To gain insights into the immunological effects of LNP‐CDN, and specifically, how individual immune cell populations respond to LNP‐CDN, the authors conducted scRNA‐seq of MPE samples obtained 48 h after control treatment, anti‐PD‐L1 Ab, LNP‐CDN or a combination of LNP‐CDN and anti‐PD‐L1. As depicted in in t‐stochastic neighbour embedding (t‐SNE) projection (Figure 1), the control MPE contains a large number of myeloid cells including monocytes/macrophages (∼55%) and neutrophils (∼30%), of which M2‐like macrophages (∼82% of the total of macrophages) and N2‐like neutrophils (∼70% of the total of neutrophils) are prevalent subpopulations. Strikingly, intrapleural LNP‐CDN but not anti‐PD‐L1 completely inverts the ratios of M1 to M2 macrophages and N1 to N2 neutrophils, although there is little change in the total number of myeloid cells. LNP‐CDN alone or in combination with anti‐PD‐L1 also induces an increased number of MPE‐infiltrating NK and CD8+ T cells (Figure 1) and enhances their tumour cell‐killing activity. In‐depth scRNA‐seq reveals that LNP‐CDN alone or in combination with anti‐PD‐L1 promotes polyfunctional effector NK cells and CD8+T cells and expands the population of stem‐like CD8+T cells. Recent studies have indicated that these CD8+ T subclusters are imperative to sustain durable antitumor response to ICB immunotherapy. , Moreover, intrapleural LNP‐CDN is found to upregulate PD‐L1 expression. Together, these unbiased analyses provide mechanistic insights into the immunological and therapeutic effects of LNP‐CDN and support the rational combination with anti‐PD‐L1 ICB.

FIGURE 1

Intrapleural nano‐immunotherapeutic LNP‐CDN makes the immune cold MPE hot. scRNA‐seq of MPE samples reveals that LNP‐CDN induces drastic changes in the immune landscape of MPE.
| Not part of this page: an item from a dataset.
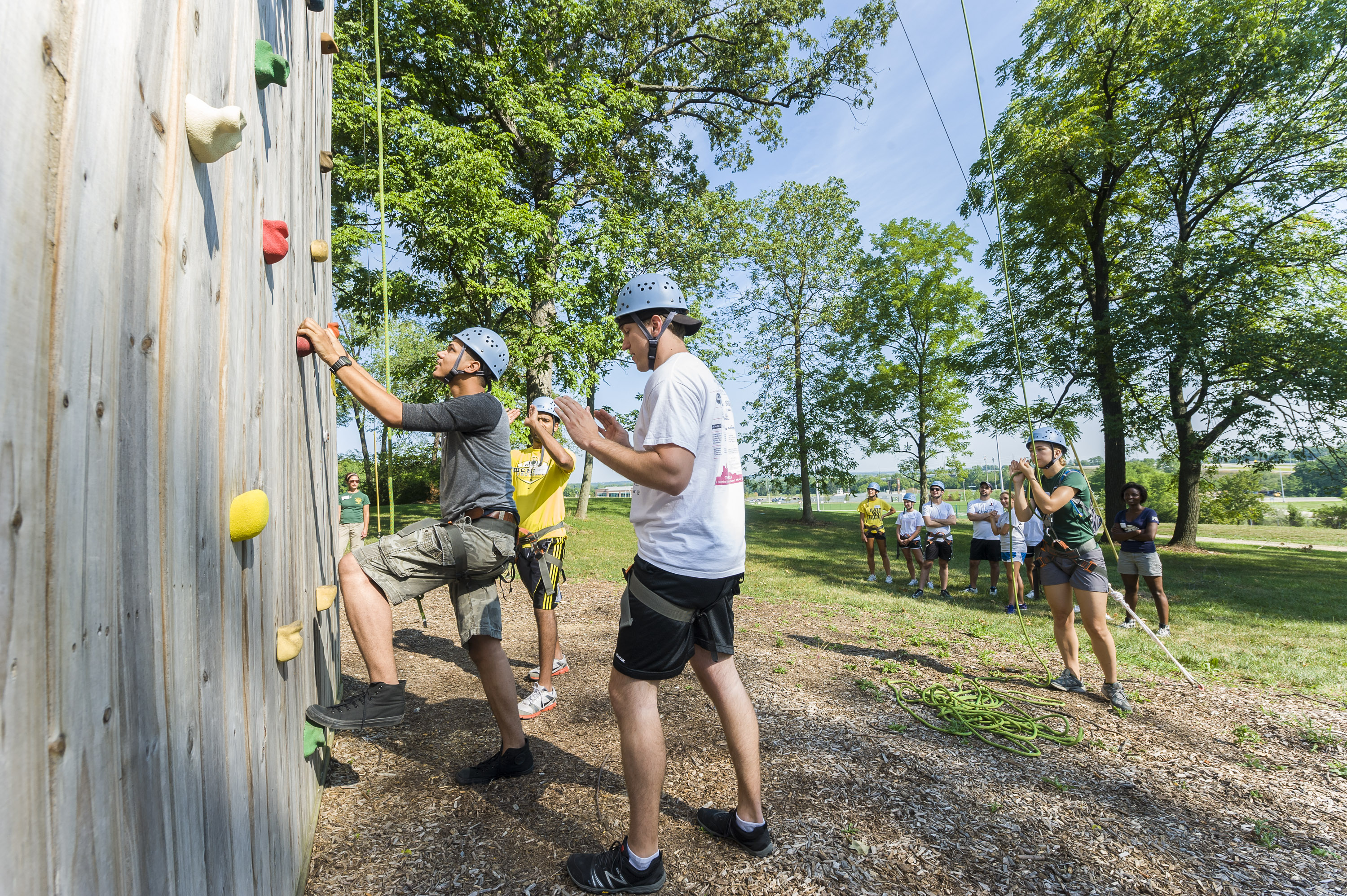 Campus Recreation is committed to providing exceptional facilities, programs, and services to create recreational opportunities that promote a healthier and happier Wright State family. The Challenge Course creates an environment that is supportive, productive, and enriching. It works to facilitate the development of personal and professional potential and outstanding leadership skills. The Challenge Course promotes self-discovery, the development of social skills, mutual respect, fair play, and sportsmanship while encouraging friendship and camaraderie. Positive relationships are built on laughter while celebrating successes and accomplishments.

From a clinical perspective, the nano‐immunotherapeutic developed by Liu and colleagues may have the potential for rapid clinical translation in the form of an immunologic adjuvant. LNP‐CDN can be administered serially by indwelling pleural catheters to remodel the immune landscape favourably for combined ICB immunotherapy such as anti‐PD‐1/PD‐L1 Abs. As the presence of MPE often precludes surgical or chemotherapeutic intervention, successful management of MPE may renew the opportunities for combining with other treatment options to maximize therapeutic efficacy.